EXHIBIT #3: EM EQUITIES CROSS-BORDER FLOWS AND HOLDINGS ARE NEAR HISTORIC LOWS
Source: BNY iFlow
Our Take
April selling in EM equities was extreme but not dissimilar to the Q4 December washout linked to Europe and China growth concerns. The bigger surprise in EM equities has been the lack of buying in the first quarter. Some of this reflects the constraints of central bankers to ease further, but much is driven by value and geopolitics. Holdings in EM are back to 2016 lows. Even the ex-China flow reveals near historic lows for holding EM equities. Volumes in EM market volumes peaked in Q4, reflecting a washout trade linked to the FOMC policy shift from easing to pausing.
Forward Look
Investors have an opportunity to find value in EM with a rare chance of diversity. LatAm enjoyed a better outcome in Q1, and many see EMEA leading in Q2, while APAC is focused on India. There is also an opportunity in the value metric of EM as the average P/E there is 14.9 compared to 25 in the U.S. and 17.1 in the EU. The longer-term story for investors mixes good policy with positive demographics along with the current tactical points about value. Convergence of value metrics across developed and emerging markets can still occur in a world more focused on national interests rather than globalization. The criteria for success in EM investments will start with policy pushes that build on sustainable domestic demand rather than on export-focused strategies. Extraction economics and cheap labor are no longer sufficient tools to attract investors.

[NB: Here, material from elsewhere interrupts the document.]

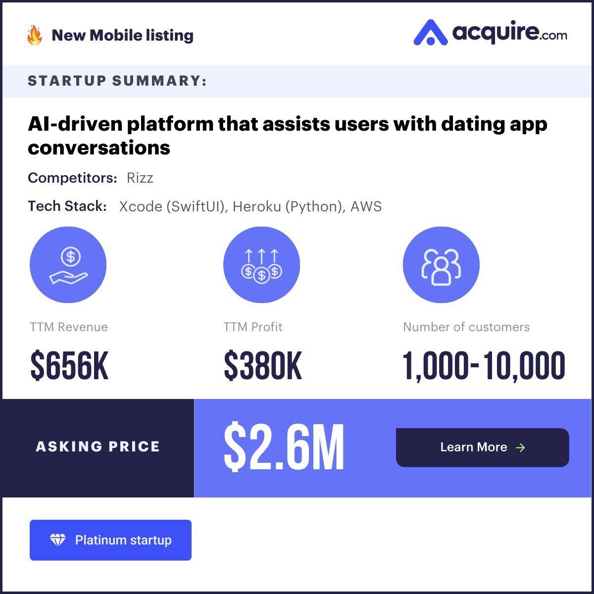 Acquire.com is a great place for business ideas. And a few months back there was a listing on the platform for an AI dating app that was for sale.

In the short term, investors are likely to see EM stocks as a value play and as a diversification against current U.S./China tariff risks. The role of MSCI EM Ex-China as a benchmark is on the rise. Much of this remains an Asia-focused list heavily skewed toward financials and technology. There is room for investors to consider more domestic focused companies providing consumer staples, financial services and real estate. Those flows have been notable in the last few days and will be a trend to watch for the next few months. The bigger picture remains one about global growth, political risks and how uncorrelated EM is in to the developed world. For many, the fragmentation of global supply chains opens up new opportunities, and EM is the most obvious one.